╭─ Data provided

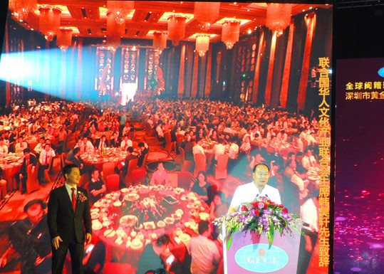 国务院原稽察刘吉部长、联合国华人文化产业联合会主席、世界华人书画家协会主席韩昊轩应全球闽籍珠宝工商总会邀请出席本次大会并讲话。周大生珠宝股份有限公司董事长周宗文当选为全球闽籍珠宝工商总会和深圳市黄金玉石珠宝商会会长。
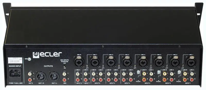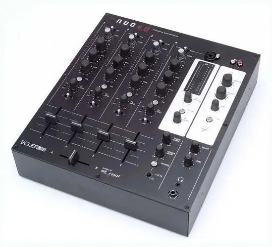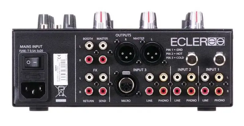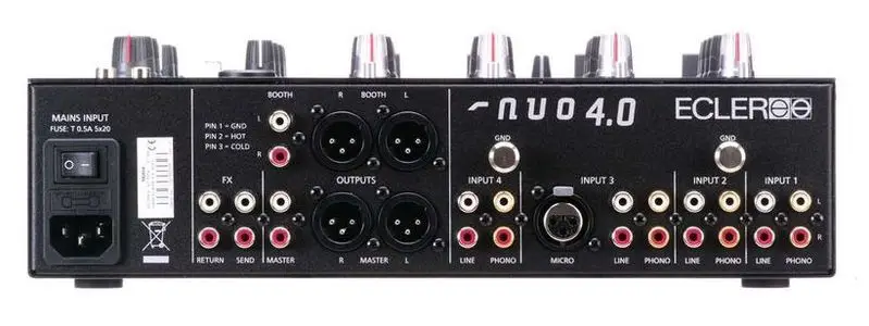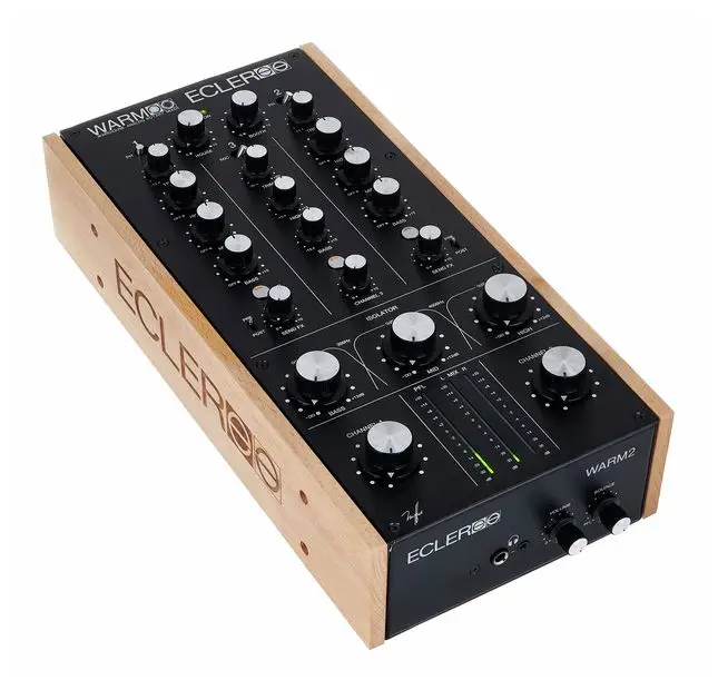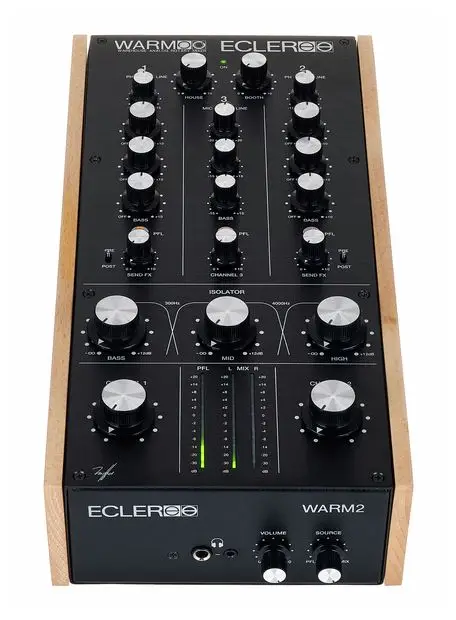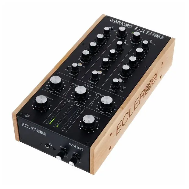 Ecler WARM4 — 4-канальный аналоговый DJ-микшер с ротарными регуляторами, разработанный и произведенный в Барселоне. Оснащен четырьмя каналами с независимыми входами Phono и Line, двумя микрофонными входами (XLR и комбинированный XLR/6,3 мм TRS). Каждый канал имеет 3-полосный эквалайзер с полным срезом частот и изолятор 4-го порядка (300 Гц и 4 кГц, -∞/+12 дБ, 24 дБ/октава), а также встроенный сабгармонический синтезатор для усиления саба. Микшер предоставляет функции FX send/return с возможностью выбора pre/post fader для каждого канала. Выходы включают мастер (XLR и RCA), мониторы(XLR и RCA), рекорд (RCA) и наушники (6,3 мм и 3,5 мм). Устройство оснащено высококачественными потенциометрами Alps с металлическими валами и деревянными боковыми панелями. Встроенный блок питания поддерживает напряжение 90–264 В AC.
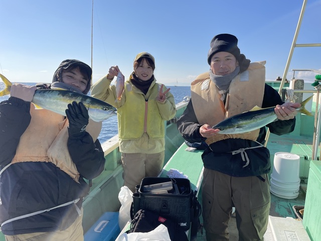 (ブリ)45~50cm 0~4匹 アマダイ 23~45cm 0~4匹 今年一年多くの皆様のご乗船ありがとうございました少しでも楽しい時間を過ごすして貰えたのなら嬉しいです。 来年も皆様と楽しい1日を過ごせるように! ウィリーアマダイ五目イナダ45~50㎝0~5匹アマダイ23~45㎝0~4枚ヒラメサバEtc 朝の内はややウネリが有り船酔いでダウンされた方もいましたがイナダのお土産の他アマダイも良型混じりで顔を出してくれての帰港です! チャーター船 イナダをメインにアマダイとウネリがあるなか皆さん頑張ってくれて良かったです!
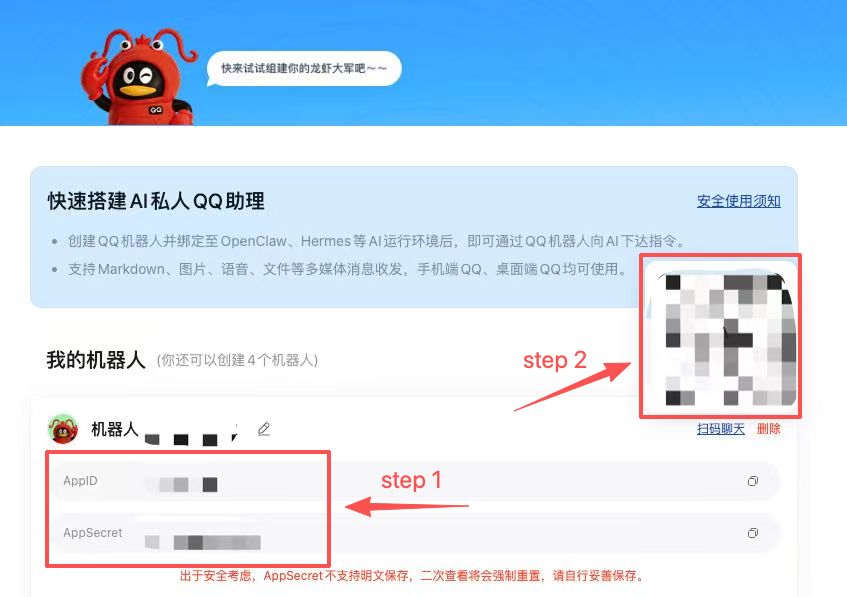 - 获取 AppID 和 AppSecret(见 step1),QQ 扫码进入机器人对话窗口(见 step2)
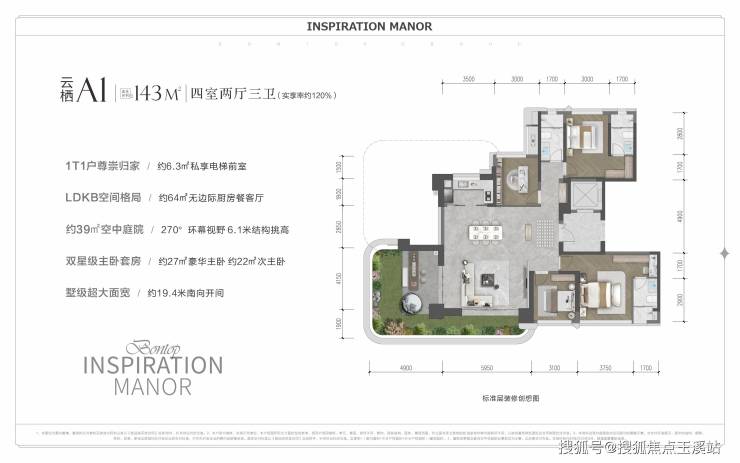 建面约143-199㎡第四代精装浮岛大平层
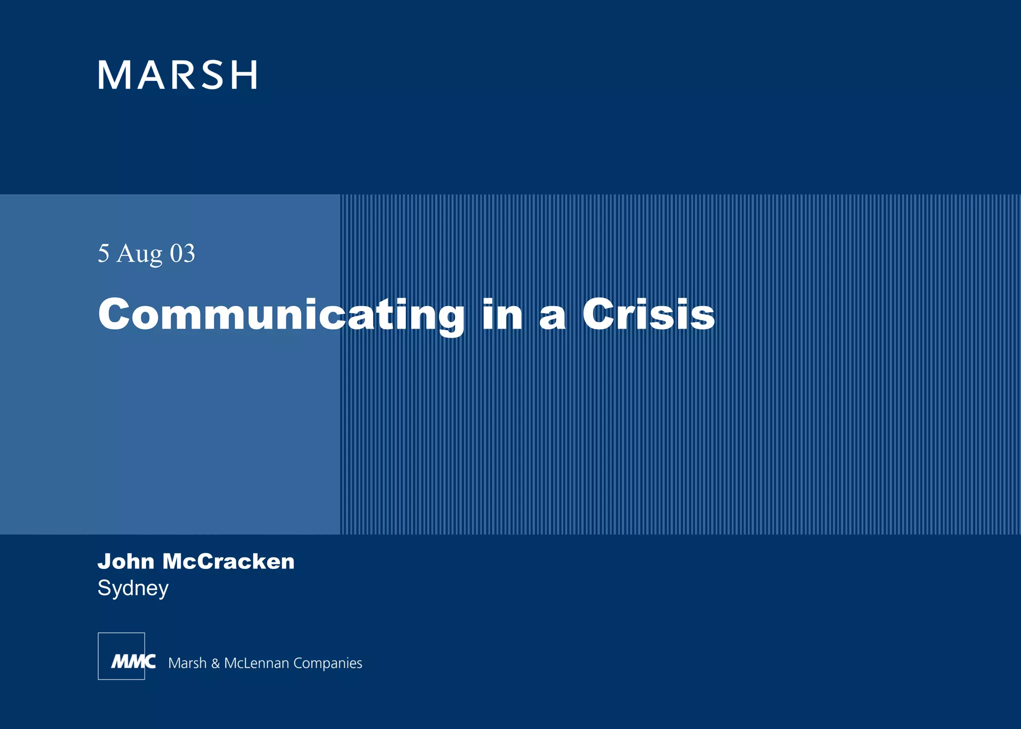 This document discusses communicating during a crisis. It defines a crisis as an escalating incident that threatens an organization. Crisis management aims to minimize potential impact through response, recovery, and restoration strategies. Communicating with stakeholders is an important part of crisis management, as effective communication can reduce reputational damage while poor communication can cause a rapid loss of control. The document provides tips for developing communication strategies and addressing issues with internal and external stakeholders during a crisis.

╰─

Return the material in full and unaltered, minus its pictures.

 国务院原稽察刘吉部长、联合国华人文化产业联合会主席、世界华人书画家协会主席韩昊轩应全球闽籍珠宝工商总会邀请出席本次大会并讲话。周大生珠宝股份有限公司董事长周宗文当选为全球闽籍珠宝工商总会和深圳市黄金玉石珠宝商会会长。
 Ecler WARM4 — 4-канальный аналоговый DJ-микшер с ротарными регуляторами, разработанный и произведенный в Барселоне. Оснащен четырьмя каналами с независимыми входами Phono и Line, двумя микрофонными входами (XLR и комбинированный XLR/6,3 мм TRS). Каждый канал имеет 3-полосный эквалайзер с полным срезом частот и изолятор 4-го порядка (300 Гц и 4 кГц, -∞/+12 дБ, 24 дБ/октава), а также встроенный сабгармонический синтезатор для усиления саба. Микшер предоставляет функции FX send/return с возможностью выбора pre/post fader для каждого канала. Выходы включают мастер (XLR и RCA), мониторы(XLR и RCA), рекорд (RCA) и наушники (6,3 мм и 3,5 мм). Устройство оснащено высококачественными потенциометрами Alps с металлическими валами и деревянными боковыми панелями. Встроенный блок питания поддерживает напряжение 90–264 В AC.
 (ブリ)45~50cm 0~4匹 アマダイ 23~45cm 0~4匹 今年一年多くの皆様のご乗船ありがとうございました少しでも楽しい時間を過ごすして貰えたのなら嬉しいです。 来年も皆様と楽しい1日を過ごせるように! ウィリーアマダイ五目イナダ45~50㎝0~5匹アマダイ23~45㎝0~4枚ヒラメサバEtc 朝の内はややウネリが有り船酔いでダウンされた方もいましたがイナダのお土産の他アマダイも良型混じりで顔を出してくれての帰港です! チャーター船 イナダをメインにアマダイとウネリがあるなか皆さん頑張ってくれて良かったです!
 - 获取 AppID 和 AppSecret(见 step1),QQ 扫码进入机器人对话窗口(见 step2)
 建面约143-199㎡第四代精装浮岛大平层
 This document discusses communicating during a crisis. It defines a crisis as an escalating incident that threatens an organization. Crisis management aims to minimize potential impact through response, recovery, and restoration strategies. Communicating with stakeholders is an important part of crisis management, as effective communication can reduce reputational damage while poor communication can cause a rapid loss of control. The document provides tips for developing communication strategies and addressing issues with internal and external stakeholders during a crisis.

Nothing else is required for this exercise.